WHAT THE TASK REQUIRES -
Starting at the first line of the entries, extract each line up to and including the one that contains "Also in dashboard", but leave out the pictures.

[Dataset records]
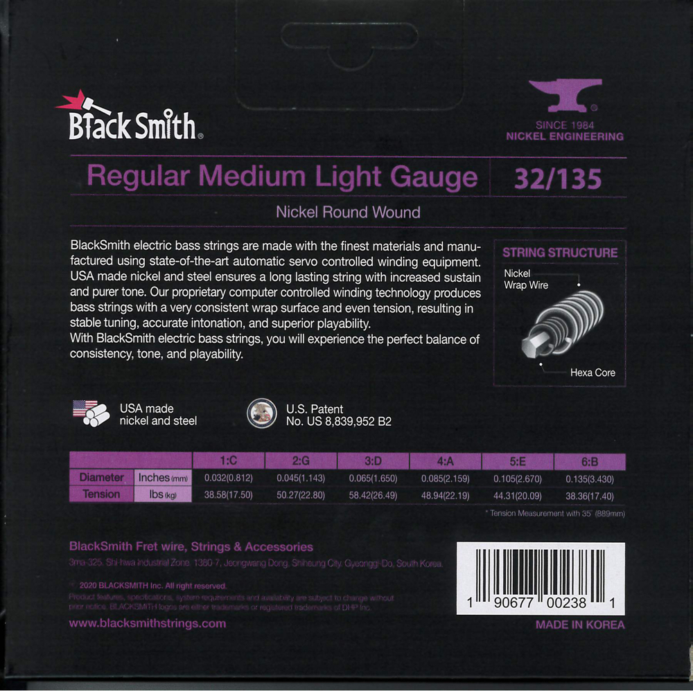 A BlackSmith elektromos basszus húrok a legkiválóbb alapanyagokból készülnek a legmodernebb tekercselő berendezés használatával. Az USA-ban gyártott nikkel és acél hosszú élettartamot és tisztább hangzást kölcsönöz, mint a hagyományos nikkel tekercselésű húr. Számítógépvezérelt technológiával egyenletes tekercselést és húrnyomást kapunk, ami stabil hangolást, pontos intonációt és kiváló játszhatóságot eredményez. Az egyedülálló, szabadalmazott vákuumzárású, csavarodásmentes csomagolásnak köszönhetően a húr nem rozsdásodik és nem sérül.
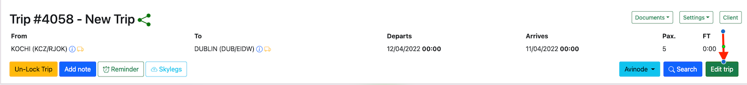 A trip can be modified by clicking on the Edit Trip: button.
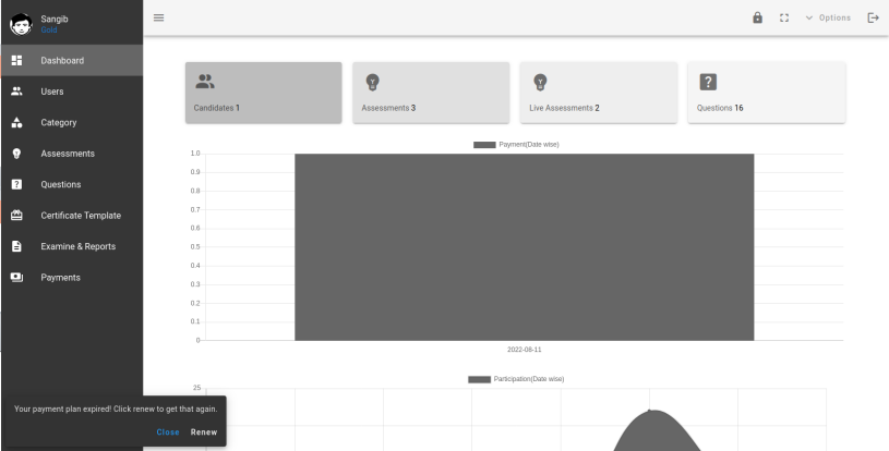 Also in dashboard you will see a message dialog box(see below image) if your existing subscription plan is expired and you can renew your plan by using that.
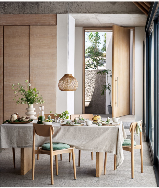 Vestir el comedor para sentarse en una mesa lo más bonita posible es un gesto que no te lleva mucho tiempo y que puede convertir cualquier comida en una celebración. Las ideas de H&M Home se centran en poner un bonito mantel, y decorar el centro con pequeños jarroones (te sirve un recipiente do tarro de cristal) con algun ramillete de plantas frescas). Sería el momento de sacar la "vajilla buena", la que reservas para ciertas ocasiones espaciales, pero ¿acaso esta no lo es?
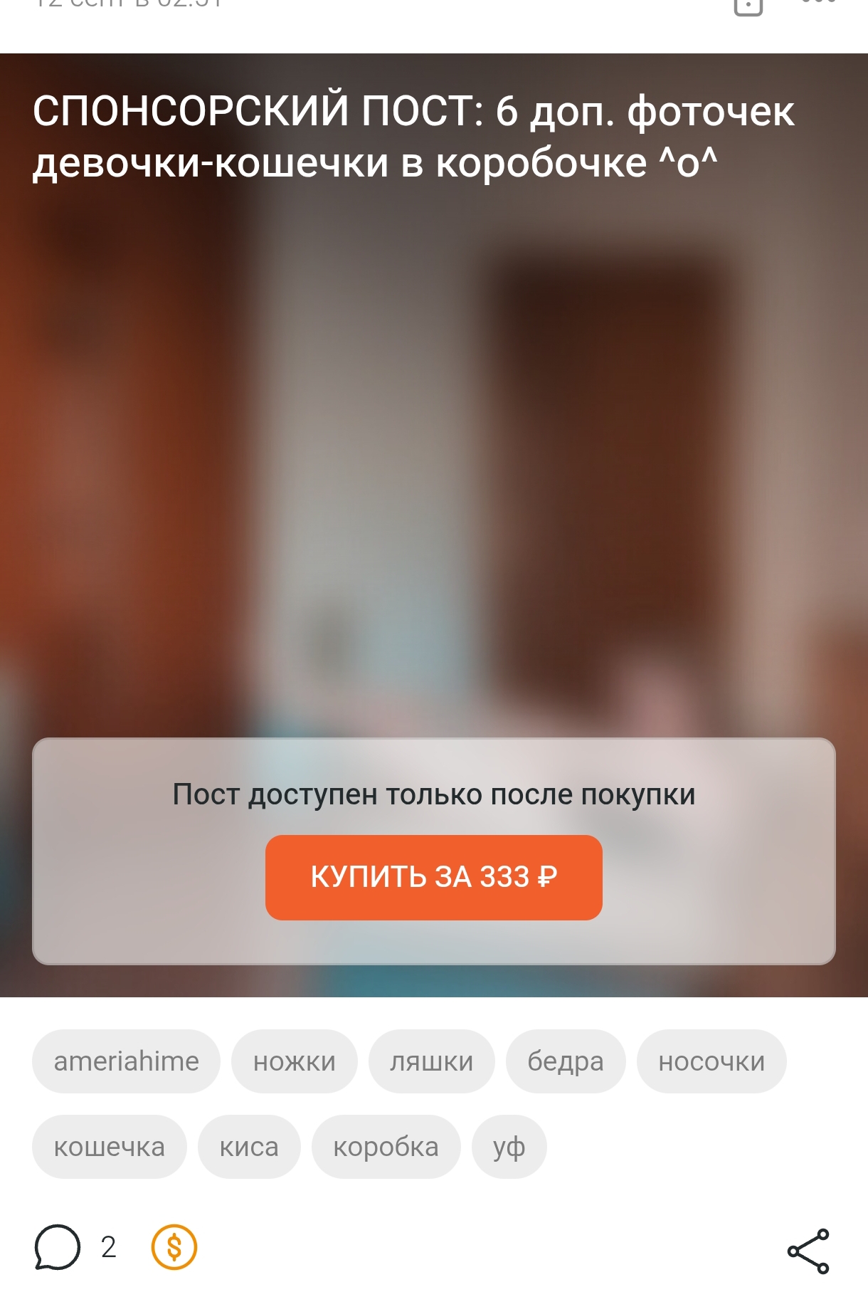 Короче, это дно. Итак, раньше фоточки обычные, цена номинальная, все для фана, а если хочешь - поддержи. Ну и какая-никакая тематика, потому что стыдно деньги брать за так. И вашим и нашим, тупо мини фанлуб. Но выж пидорасы, выж говно все, поэтому отныне косарь за пару всратых фото, а всем остальным хуй, не чувствую вашу поддержку, уебаны. И прикол в том, что всякие бляди с онлика за эту сумму жеппу рвут, худеют, красятся, косплеются и конкурируют между собой. А здесь что? Жирная решила, что добровольцев мало и надо доить более прямо. А кто ради хорнятины, ну он урод, но за деньги да? Тогда к чему были все эти подходы про то, что бустя для себя, это ничего не значит и не является заработком? Кто сколько хочет, ради поддержки. Ух.
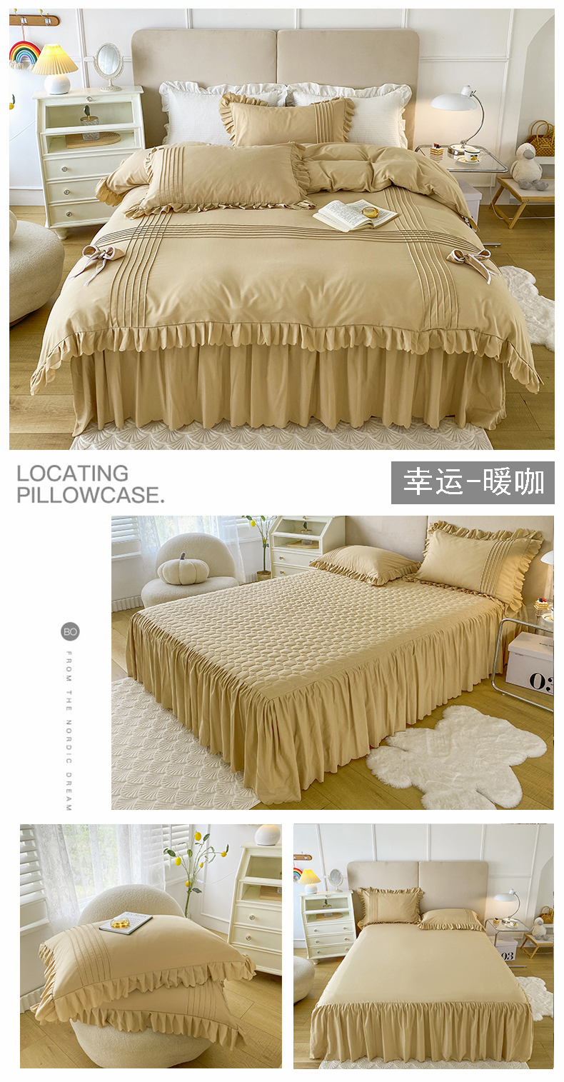 当前位置: 91家纺网 > 商品网购 > 床品套件 > 四件套 > 全棉普通四件套 > yyds网供 2025新款韩版公主风加高床裙款四件套非全棉纯棉夹棉春夏秋冬被套床单床笠[有买家秀] 幸运暖咖
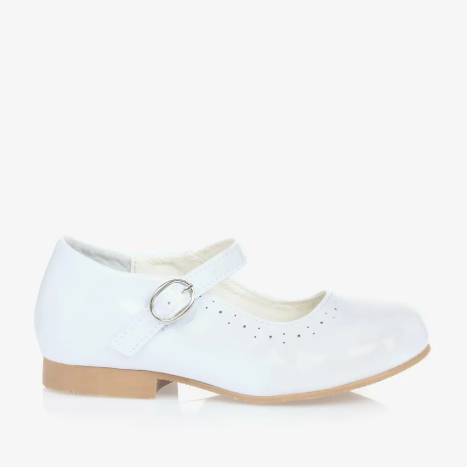 Smart white Mary Jane shoes for girls by Sevva, ideal for a special occasion. They are made in glossy faux patent leather, with perforated detailing around the top. Lined in smooth faux leather, they have softly padded insoles for comfort and textured rubber soles for good grip. There is an adjustable buckle fastening strap to secure.
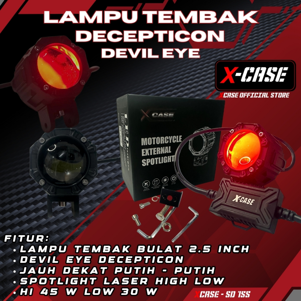 X-Case Lampu Tembak Bulat Decepticon 2.5 Inch Plus Devil Eye Hi Low Putih Putih SD 155
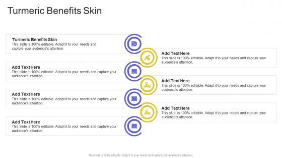 Introducing our well designed Turmeric Benefits Skin In Powerpoint And Google Slides Cpb. This PowerPoint design presents information on topics like Turmeric Benefits Skin. As it is predesigned it helps boost your confidence level. It also makes you a better presenter because of its high-quality content and graphics. This PPT layout can be downloaded and used in different formats like PDF, PNG, and JPG. Not only this, it is available in both Standard Screen and Widescreen aspect ratios for your convenience. Therefore, click on the download button now to persuade and impress your audience. Our Turmeric Benefits Skin In Powerpoint And Google Slides Cpb are topically designed to provide an attractive backdrop to any subject. Use them to look like a presentation pro.

REPLY TO THE EXERCISE -
 A BlackSmith elektromos basszus húrok a legkiválóbb alapanyagokból készülnek a legmodernebb tekercselő berendezés használatával. Az USA-ban gyártott nikkel és acél hosszú élettartamot és tisztább hangzást kölcsönöz, mint a hagyományos nikkel tekercselésű húr. Számítógépvezérelt technológiával egyenletes tekercselést és húrnyomást kapunk, ami stabil hangolást, pontos intonációt és kiváló játszhatóságot eredményez. Az egyedülálló, szabadalmazott vákuumzárású, csavarodásmentes csomagolásnak köszönhetően a húr nem rozsdásodik és nem sérül.
 A trip can be modified by clicking on the Edit Trip: button.
 Also in dashboard you will see a message dialog box(see below image) if your existing subscription plan is expired and you can renew your plan by using that.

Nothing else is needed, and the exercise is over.